Boucher Joins French-Canadian WSOP Bracelet Winners

Philippe Boucher WSOPE Bracelet Winner
After eight years playing poker Philippe Boucher can now call himself a WSOP champion.

Winning his first WSOP bracelet Saturday, 29-year-old French-Canadian pro Philippe Boucher is no longer the odd man out in a group of friends that includes reigning world champion Jon Duhamel, Pascal Lefrancois and Erik Cajelais.

Boucher outlasted a field of 339 to win the €1,620 Six-Max PLO event at the 2011 World Series of Poker Europe. Boucher earned €124,584 for the victory, the biggest score of his career.

Boucher defeated Michel Dattani of Portugal heads-up. Had he won, Dattani would have become the first Portuguese WSOP bracelet winner in history.

Originally from Quebec City, but now living in Las Vegas, Boucher still considers Canada home. He’s married and plays poker professionally.

“I started just before Moneymaker, so I’ve been playing for around eight years,” Boucher told in Cannes.

“About two years ago I started learning PLO and taking the game very seriously, posting on forums and reading everything and trying to learn as much as possible,” he said.

Traditionally a No-Limit Hold’em cash game player, Boucher got into poker after attending Laval University in Quebec.

“Just before I got into poker I was studying electrical engineering and I did that for about two years,” said Boucher.
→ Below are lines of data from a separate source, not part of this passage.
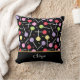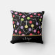 Pastel coloured candy lollipops patterned black pillow. There's customisable text on the front where you can add your name or slogan
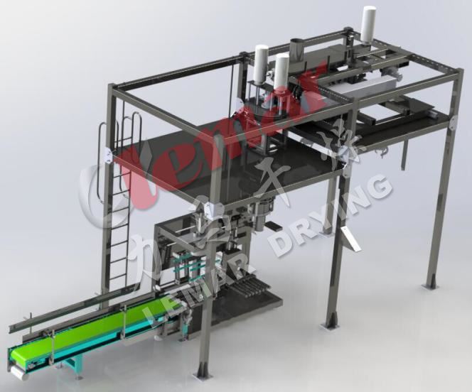 系統由雙向分料螺旋通過變頻控制為為大、小包裝供料。大包裝采用垂直加料螺旋喂料,集成高低速加料、電動升降、抖包、空袋吹氣、全密封夾袋器等裝置,有效解決包裝速度及精度要求,緩釋技術防止落袋揚塵;小包裝包含分散破拱料斗、加料集成裝置、垂直喂料機構、升降夾袋裝置、浮動關料閥門、稱重裝置及電氣控制系統。保證其包裝速度和精度,改善稱重包裝時的粉塵污染問題。配套拖袋牽引脫氣系統、縫包貼邊熱合機在稱重加料完畢后實現滿袋的自動牽引并抽氣,熱合封口。金檢機、重檢機對已封口的滿袋物料進行金屬檢測和重量檢測。
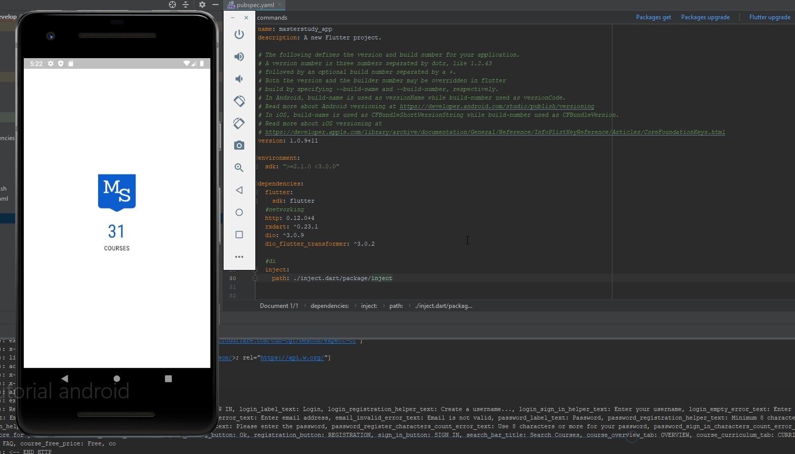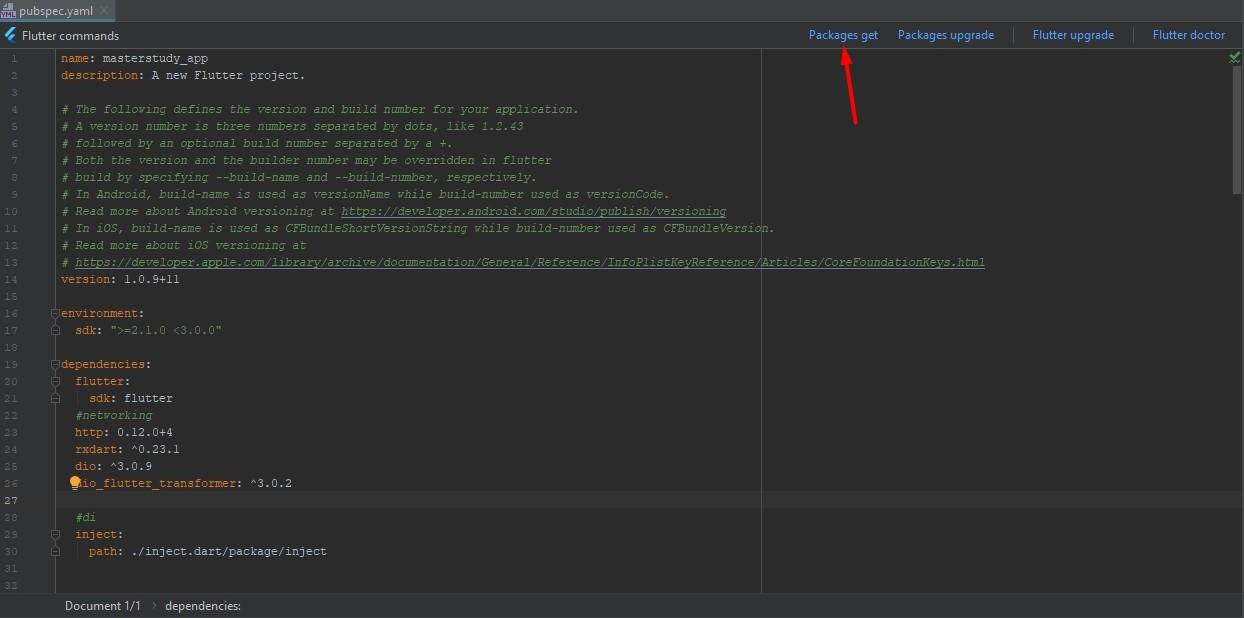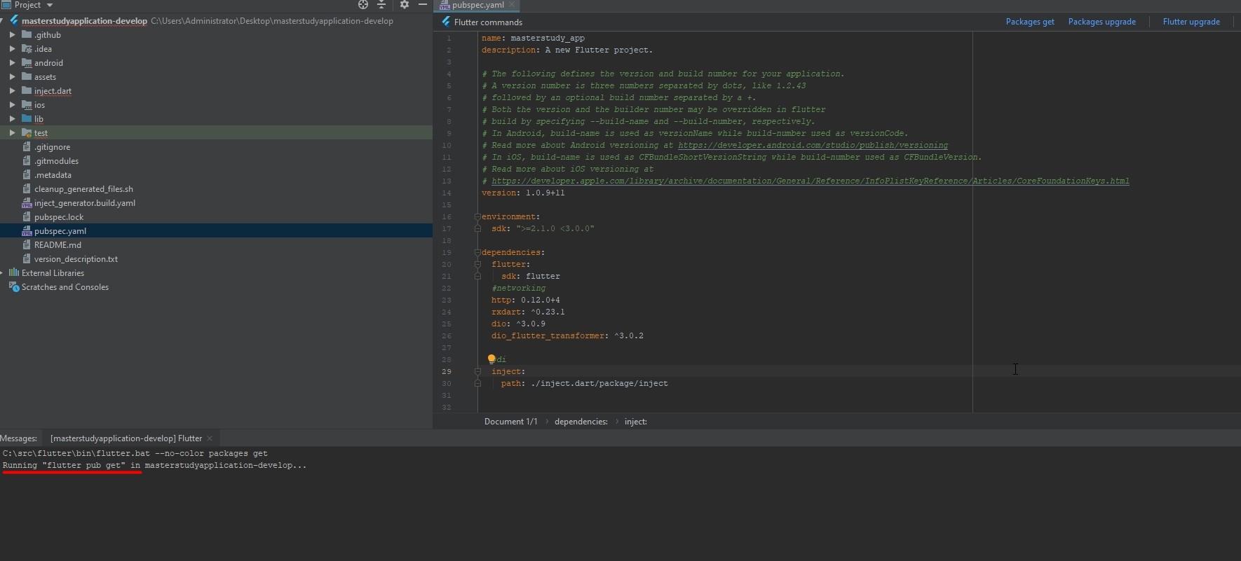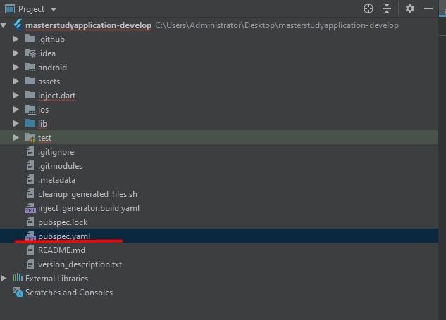 Open the pubspec.yaml file. Click on your masterstudy project then find the file pubspec.yaml.
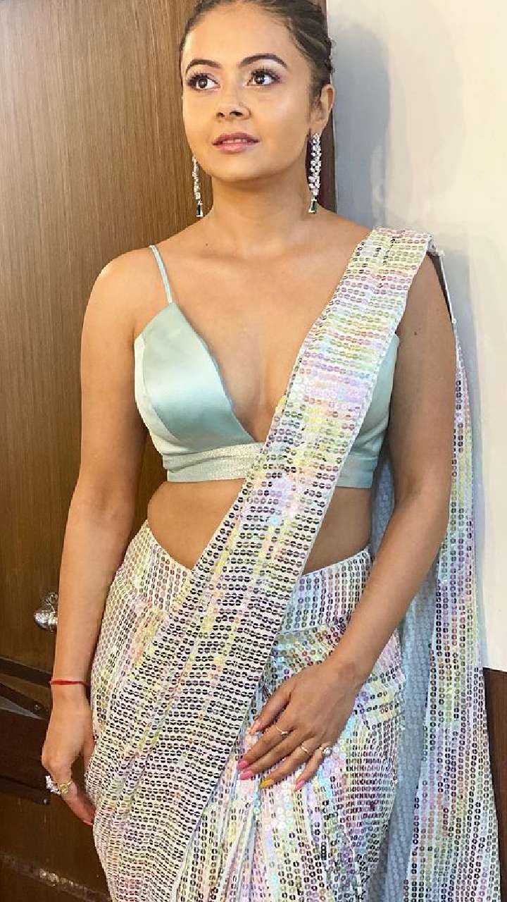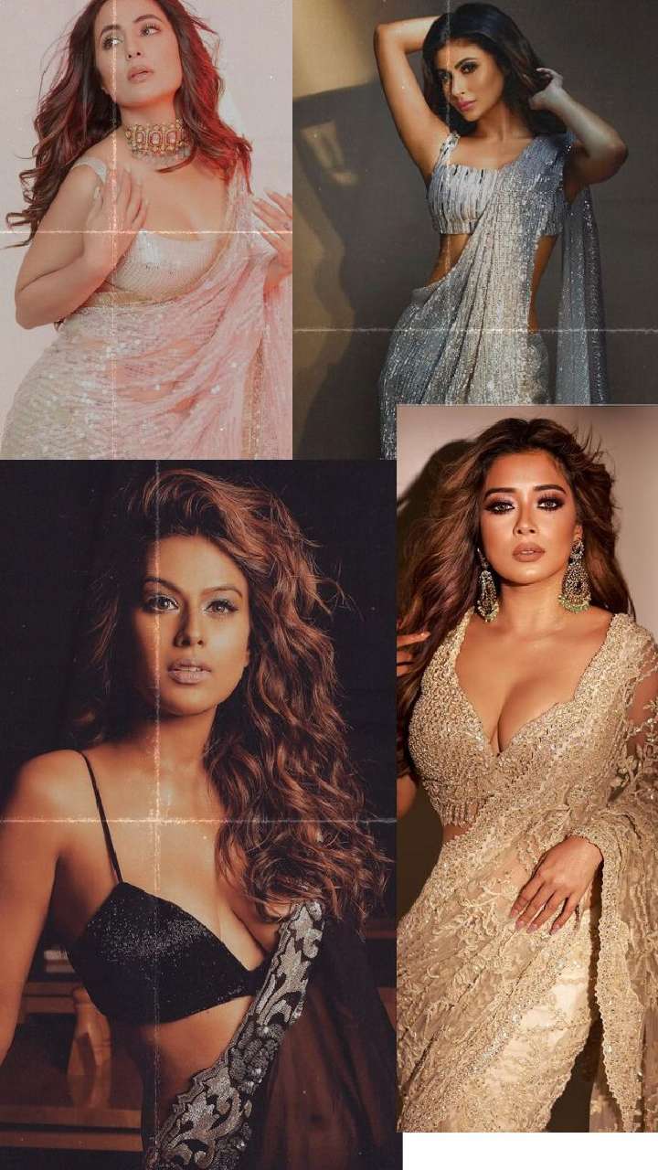 टीवी की नागिन का मौनी इस शिमरी साड़ी में बेहद बोल्ड लुक दे रही हैं।
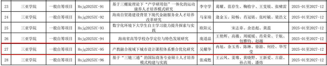 近日,海南省教育厅关于下达2025年度海南省高等学校教育教学改革研究和科学研究项目的通知,吴耀华老师主持的《产教融合视域下城市设计课程体系整合优化研究》(项目编号:Hnjg2025ZC-95)获批立项(图1),标志着城乡规划专业产教融合、校企合作、数字化课程教学改革又取得阶段性成果,在此向城乡规划专业教学团队表示祝贺!
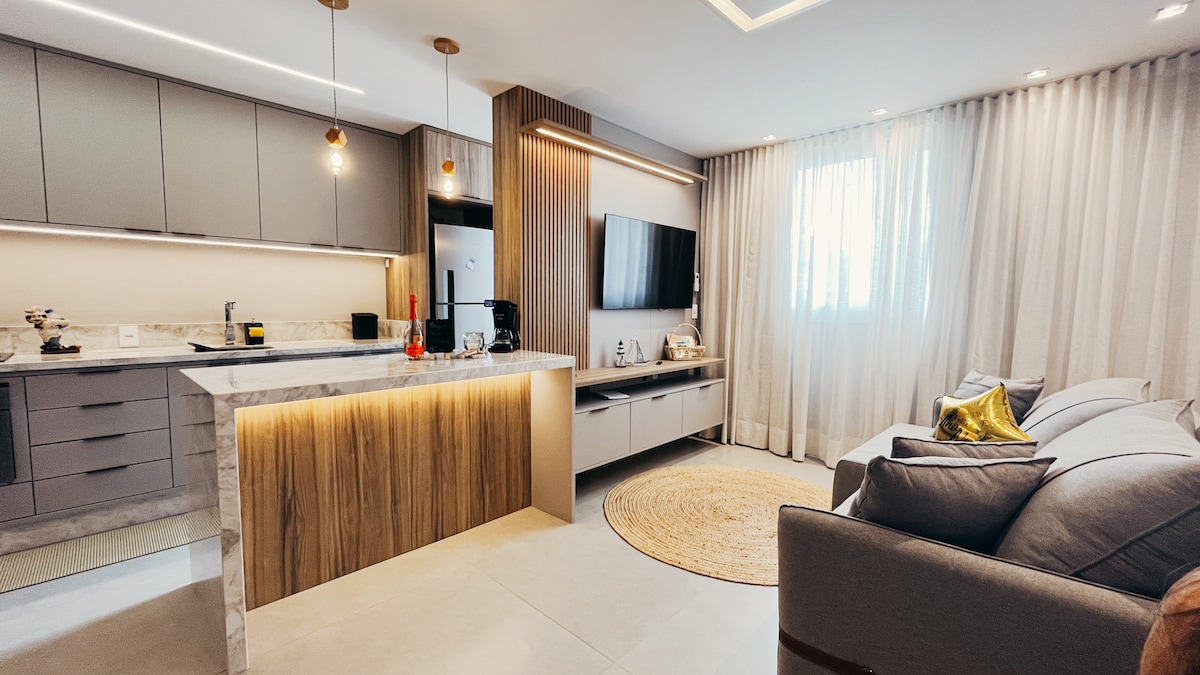 Complete apartment in the city center, close to markets, cinema, restaurants and shops. Less than 5 minutes from the sea! 😃 The apartment has a bedroom, living room, bathroom and kitchen/utility area, fully furnished and ready for use. In the living room, the apartment has a double-size sofa bed. Sea views from both the apartment and the terrace, which has a swimming pool, gym and leisure area. Also includes TV with Netflix and other streaming services (not included), barbecue and garage

“It wasn’t really my thing so I quit, not just to play poker necessarily but the poker ended up working out so well that I didn’t have to find something else.”

Becoming a part of the tight-knit French-Canadian poker community, Boucher eventually moved to Atlanta upon marrying his wife, and then to Las Vegas where he could continue working as a poker professional.

“Winning a bracelet means a lot to me personally but it also means a lot to the community because we’re a tight group and we help each other a lot and support each other,” he explained.

“It really shows you that even though there’s a lot of luck in poker, working hard pays off in the end and even though sometimes it can take a long time, being surrounded by good people and good players helps a lot.”

Boucher said that while the €124k prize is significant, it’s not going to change a whole lot in his day to day life. He will continue to play poker and continue to work hard improving his game.

“I’m not a money guy so I don’t have a big car or jewelry or anything so the money’s definitely good but it’s not going to change anything in my life too much,” he emphasized.